# Gaussian feedforward
Ro Jefferson<br>
Last updated 2021-05-19 

This notebook grew out of some explorations of criticality in random neural nets, based primarily on the works by [Schoenholz et al.](https://arxiv.org/abs/1611.01232) and [Poole et al.](https://arxiv.org/abs/1606.05340); see also my [blog article](https://rojefferson.blog/2020/06/19/criticality-in-deep-neural-nets/) for a pedagogical treatment of the underlying idea. The titular "Gaussian" refers to the fact that we work with a *random* feedforward neural network here, in which the weights and biases are randomly initialized following some Gaussian distribution(s); in the large-$N$ limit, each layer (as well as the network as a whole) behaves like a Gaussian distribution, which simplifies the analysis considerably. 

This notebook constructs and trains basic feedforward networks of arbitrary depth on the MNIST database, using the built-in `cross_entropy` as the loss function and $tanh$ for the non-linearity. In particular, it is designed to fascillitate comparing a range of different depths for a given set of hyperparameters---especially the variance of the distrubution of weights and biases, which control the phase (ordered vs. chaotic). The data -- accuracies, hooks, model parameters -- are optionally written as HDF5 files to the specified directory. The data are then deleted from the kernel in order to free sufficient memory for the next model. **The user must specify** the `PATH_TO_MNIST` and the `PATH_TO_DATA` below. 

Hooks are computationally intensive and are thus disabled by default. One must pass `hooks=True` when calling `train_models()` to record the layer inputs/outputs, in which case they will be stored *only* for the beginning and end of each run (to minimize computation time while allowing before vs. after analysis). Similarly for the parameters (weights, biases), which we may use in another notebook to compute the KL divergence.

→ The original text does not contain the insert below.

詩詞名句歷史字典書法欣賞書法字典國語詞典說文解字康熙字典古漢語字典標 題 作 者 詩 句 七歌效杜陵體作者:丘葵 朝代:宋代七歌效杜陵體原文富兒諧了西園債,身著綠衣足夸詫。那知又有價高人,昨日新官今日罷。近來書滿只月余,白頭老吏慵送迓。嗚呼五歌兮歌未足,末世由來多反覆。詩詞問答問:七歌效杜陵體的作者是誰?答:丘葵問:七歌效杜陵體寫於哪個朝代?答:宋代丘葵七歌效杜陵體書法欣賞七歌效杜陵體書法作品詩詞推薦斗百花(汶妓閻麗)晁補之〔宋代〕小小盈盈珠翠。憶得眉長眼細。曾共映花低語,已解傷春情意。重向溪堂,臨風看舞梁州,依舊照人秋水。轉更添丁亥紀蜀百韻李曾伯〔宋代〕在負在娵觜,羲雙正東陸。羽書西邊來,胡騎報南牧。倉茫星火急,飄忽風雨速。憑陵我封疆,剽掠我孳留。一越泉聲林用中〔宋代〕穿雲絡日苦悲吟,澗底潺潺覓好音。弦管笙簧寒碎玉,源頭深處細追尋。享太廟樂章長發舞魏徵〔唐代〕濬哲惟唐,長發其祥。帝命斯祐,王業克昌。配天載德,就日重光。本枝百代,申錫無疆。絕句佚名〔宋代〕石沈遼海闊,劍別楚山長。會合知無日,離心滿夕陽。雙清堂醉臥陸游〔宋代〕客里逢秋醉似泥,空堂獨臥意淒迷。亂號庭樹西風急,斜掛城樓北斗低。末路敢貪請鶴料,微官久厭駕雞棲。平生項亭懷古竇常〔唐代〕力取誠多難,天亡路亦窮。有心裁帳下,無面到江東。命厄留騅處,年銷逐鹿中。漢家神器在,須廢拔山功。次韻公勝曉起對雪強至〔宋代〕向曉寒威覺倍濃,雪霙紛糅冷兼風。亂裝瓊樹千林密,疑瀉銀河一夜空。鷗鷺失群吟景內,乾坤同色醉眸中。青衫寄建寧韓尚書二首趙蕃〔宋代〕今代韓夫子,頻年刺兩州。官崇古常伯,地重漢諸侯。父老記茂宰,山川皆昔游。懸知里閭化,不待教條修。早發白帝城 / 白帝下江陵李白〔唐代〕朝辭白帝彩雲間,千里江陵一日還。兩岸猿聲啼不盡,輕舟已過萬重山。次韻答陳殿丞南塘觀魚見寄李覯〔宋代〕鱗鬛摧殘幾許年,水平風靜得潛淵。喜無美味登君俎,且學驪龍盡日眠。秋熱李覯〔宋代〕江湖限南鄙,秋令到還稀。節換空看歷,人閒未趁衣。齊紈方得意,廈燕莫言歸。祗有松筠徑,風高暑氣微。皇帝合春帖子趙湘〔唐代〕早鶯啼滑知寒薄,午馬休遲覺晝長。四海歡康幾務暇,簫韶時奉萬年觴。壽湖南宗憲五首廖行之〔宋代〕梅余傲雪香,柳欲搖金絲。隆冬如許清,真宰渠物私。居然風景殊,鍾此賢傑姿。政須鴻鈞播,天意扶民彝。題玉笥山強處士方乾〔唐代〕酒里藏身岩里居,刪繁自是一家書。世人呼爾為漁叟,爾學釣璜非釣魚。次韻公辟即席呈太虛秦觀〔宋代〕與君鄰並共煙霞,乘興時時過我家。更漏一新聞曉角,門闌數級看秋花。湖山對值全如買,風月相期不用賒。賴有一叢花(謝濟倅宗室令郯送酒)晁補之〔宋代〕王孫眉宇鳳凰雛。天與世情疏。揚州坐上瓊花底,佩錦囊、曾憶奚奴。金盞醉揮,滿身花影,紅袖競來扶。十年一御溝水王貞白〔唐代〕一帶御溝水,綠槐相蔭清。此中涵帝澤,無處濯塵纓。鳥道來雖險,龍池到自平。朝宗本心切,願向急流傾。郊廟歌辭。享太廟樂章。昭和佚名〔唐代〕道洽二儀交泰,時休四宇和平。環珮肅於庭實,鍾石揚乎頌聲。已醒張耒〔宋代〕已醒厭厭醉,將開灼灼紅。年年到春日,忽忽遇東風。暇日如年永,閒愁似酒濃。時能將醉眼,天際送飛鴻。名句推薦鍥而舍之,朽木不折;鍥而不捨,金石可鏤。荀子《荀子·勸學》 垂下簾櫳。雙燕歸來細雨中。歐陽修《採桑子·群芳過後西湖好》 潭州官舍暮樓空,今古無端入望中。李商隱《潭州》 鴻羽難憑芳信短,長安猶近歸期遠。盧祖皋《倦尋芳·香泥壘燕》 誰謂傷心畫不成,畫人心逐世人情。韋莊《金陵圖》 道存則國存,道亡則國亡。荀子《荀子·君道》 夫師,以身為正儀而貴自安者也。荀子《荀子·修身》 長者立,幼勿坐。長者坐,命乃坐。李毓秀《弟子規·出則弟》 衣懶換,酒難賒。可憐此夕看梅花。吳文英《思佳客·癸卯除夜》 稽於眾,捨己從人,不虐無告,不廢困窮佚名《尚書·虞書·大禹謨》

The companion notebok "Gaussian_Feedforward_Analysis.ipynb" is designed to read the aforementioned HDF5 files and perform some analysis, while "RelativeEntropy_Nonsymbolic.ipynb" reads them to compute the KL divergence.

In [1]:
# PyTorch packages:
import torch
import torch.nn as nn                       # neural net package
import torch.nn.functional as F             # useful functions, e.g., convolutions & loss functions
from torch import optim                     # optimizers (torch.optim)
from torch.utils.data import TensorDataset  # for wrapping tensors
from torch.utils.data import DataLoader     # for managing batches

# Numpy, scipy, and plotting:
import numpy as np
from scipy.stats import norm         # Gaussian fitting
import scipy.integrate as integrate  # integration
import matplotlib.pyplot as plt      # plotting
import seaborn as sns; sns.set()     # nicer plotting
import pandas as pd                  # dataframe for use with seaborn

# File i/o:
import pickle  # for unpickling MNIST data
import gzip    # for opening pickled MNIST data file
import h5py    # HDF5

# Miscellaneous:
import math
import random  # random number generators
import re      # regular expressions
import gc      # garbage collection

In [2]:
# Memory tracking (optional/unused):
import os, psutil
process = psutil.Process(os.getpid())
        
# Example usage:
#print('RSS = ', process.memory_info().rss/10**6, 'MB')  # resident set size (RAM)
#print('VMS = ', process.memory_info().vms/10**6, 'MB')  # virtual memory (RAM + swap)

## Import and pre-process MNIST data
Since our focus is on the structure/dynamics of the network rather than state-of-the art optimizations, we'll just use the vanilla MNIST dataset for this notebook. We first unzip and unpickle the dataset, and load it into a training and validation set:

In [3]:
PATH_TO_MNIST = '/full/path/to/local/MNIST/gzip/file/'
FILENAME = 'mnist.pkl.gz'

# open (and automatically close) gzip file in mode for reading binary (`rb`) data:
with gzip.open(PATH_TO_MNIST + FILENAME, 'rb') as file:
    ((x_train, y_train), (x_valid, y_valid), _) = pickle.load(file, encoding="latin-1")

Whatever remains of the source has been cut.